“O povo foi obrigado a se unir porque a prefeitura é omissa.”

Torcidas organizadas do Inter dão exemplo de solidariedade

Reportagem e fotos por Gustavo Ruwer/Repórter Popular

Nesta sexta-feira (5 de julho), tivemos a noite mais fria do ano em Porto Alegre, segundo meteorologistas a mínima chegou a 3ºC com sensação térmica de -2ºC. Uma ação solidária organizada pela Diretoria de Inclusão Social do Sport Club Internacional, abriu o Gigantinho, ginásio do colorado, para receber pessoas em situação de rua. Como protagonistas da ação, se destacam as tradicionais torcidas organizadas do Inter, como a Guarda Popular, Camisa 12, Nação Independente e Força Feminina Colorada.

A estrutura do evento esteve disponível para 300 pessoas em situação de rua, praticamente dobrando as vagas hoje oferecidas em Porto Alegre, que totalizam 355. Cerca de 50 mil peças de roupas, 7 toneladas de alimentos, 2 mil cobertores e 3 mil litros de água foram arrecadados.

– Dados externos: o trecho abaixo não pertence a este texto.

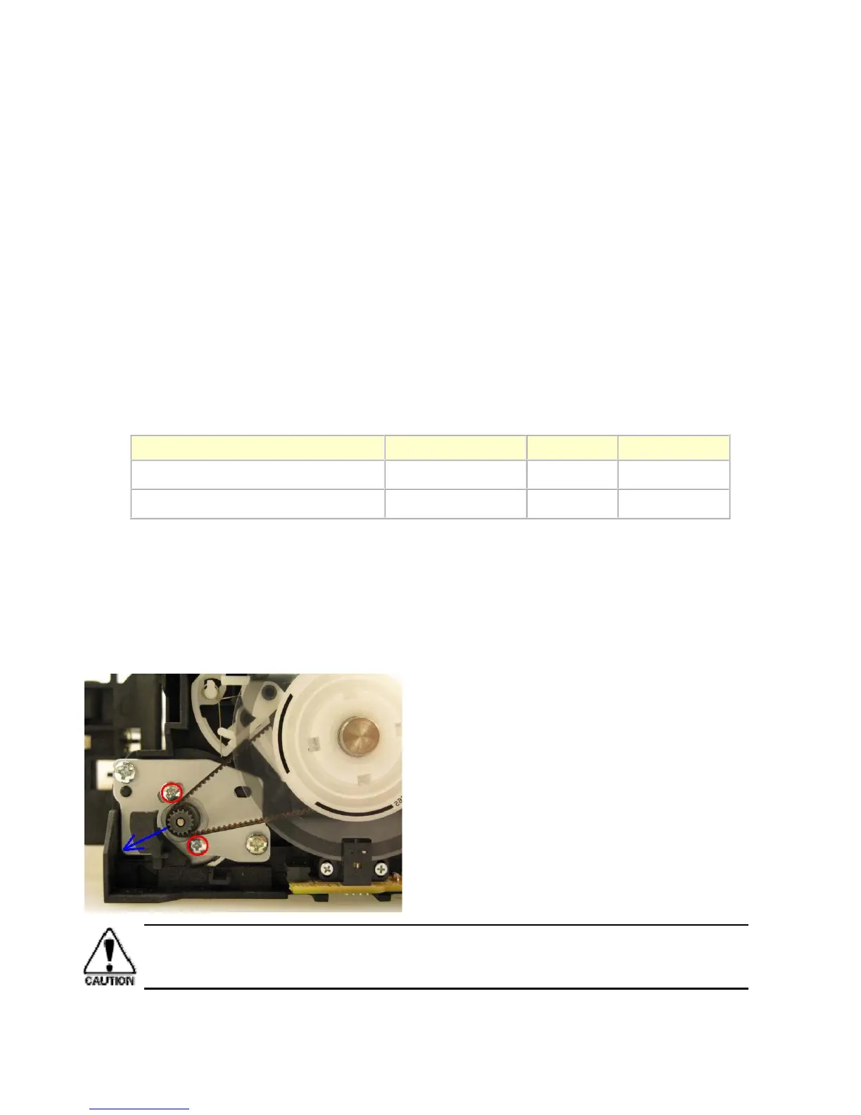2) After replacement, be sure to perform the service test print, and confirm that no strange noise or faulty print

Além disso, trabalhadores da Fundação de Assistência Social e Cidadania (FASC) ofereceram vacinas contra a gripe, testes rápidos de HIV, Sífilis, hepatites e tuberculose.

Muitas vezes criminalizadas pelos grandes veículos de mídia, as torcidas organizadas e barras do Inter tem um histórico de ações sociais desenvolvidas em comunidades de Porto Alegre e região metropolitana, asilos, hospitais e ocupações urbanas. Em entrevista para o Repórter Popular, integrantes das torcidas relatam algumas ações organizadas anteriormente e defendem que se é possível juntar pessoas para torcer, também se pode juntar para fazer ações solidárias.

Camisa 12

“A gente faz esses movimentos seguido, só que não é divulgado, né? A gente faz  e não aparece. A torcida organizada é marginalizada, aparece sempre o lado negativo, o positivo nunca. (…) Então o que a gente tá fazendo aqui, hoje, é só um pouco do que a Camisa 12 vem fazendo ao longo dos anos. Não só a 12 como as outras organizadas, como a Nação e a Popular que está aí também.” – Mari, integrante da Camisa 12

Nação Independente Colorada

“No natal do ano passado a gente atendeu em média 800 crianças da Vila Mato Grande, em Canoas, com brinquedo, bala, animação, cachorro quente… A torcida sempre tá engajada nesse tipo de coisa.” – Leonardo “Bochecha”,  vice-presidente da Nação Independente Colorada

Guarda Popular do Inter

“A gente já estava fazendo a campanha do agasalho,e  como teve esse evento hoje, a gente trouxe todas as roupas pra cá. É maravilhoso ajudar a quem precisa, a gente tá desde as 9 horas ajudando e separando roupas. Essa semana, a gente provavelmente vai nas Ilhas levar roupas, comida, rancho, tudo que a gente já tá separando pra ajudar realmente quem precisa nesse momento, nesse frio aí.” –Wagner, integrante da Guarda Popular do Inter

Força Feminina Colorada

“A gente já tem um trabalho com mulheres vítimas de violência doméstica na Ocupação Mirabal, a gente tem a banda também, que é um projeto social que tem há 3 anos, que chama a gurizada das periferias pra aprender a tocar um instrumento musical, pra socializar, pra conhecer outros capitais, ter contato com outras coisas que eles não tem na região deles. A gente consegue ingresso, leva eles pra parques, faz várias coisas fora do dia a dia deles. Como o futebol tá muito elitizado e o preço dos ingressos cada vez mais caros, é uma forma da Força Feminina Colorada de trazer essas pessoas pra dentro do estádio, que não teriam condições.”  – Janaina,  vice-presidente da Força Feminina Colorada

A prática é reconhecida pela própria população de rua

É o que afirma Deivid, gremista e morador de rua do centro de Porto Alegre (entrevista na íntegra no fim da reportagem):

“Eu fico na Praça XV e uma das torcidas organizadas do Inter, se não me engano a Camisa 12 ou a Super Fico levou comida pra nós.” Deivid, em situação de rua

O oportunismo da Prefeitura de Porto Alegre

Em nota, o Movimento Nacional da População de Rua (MNPR) critica a parceria da Prefeitura de Porto Alegre com o Inter e afirma que o prefeito Nelson Marchezan Jr. está acabando com a política de assistência social da cidade fechando o único restaurante popular, despejando um abrigo Municipal e expulsando pessoas em situação de rua de alguns locais da cidade.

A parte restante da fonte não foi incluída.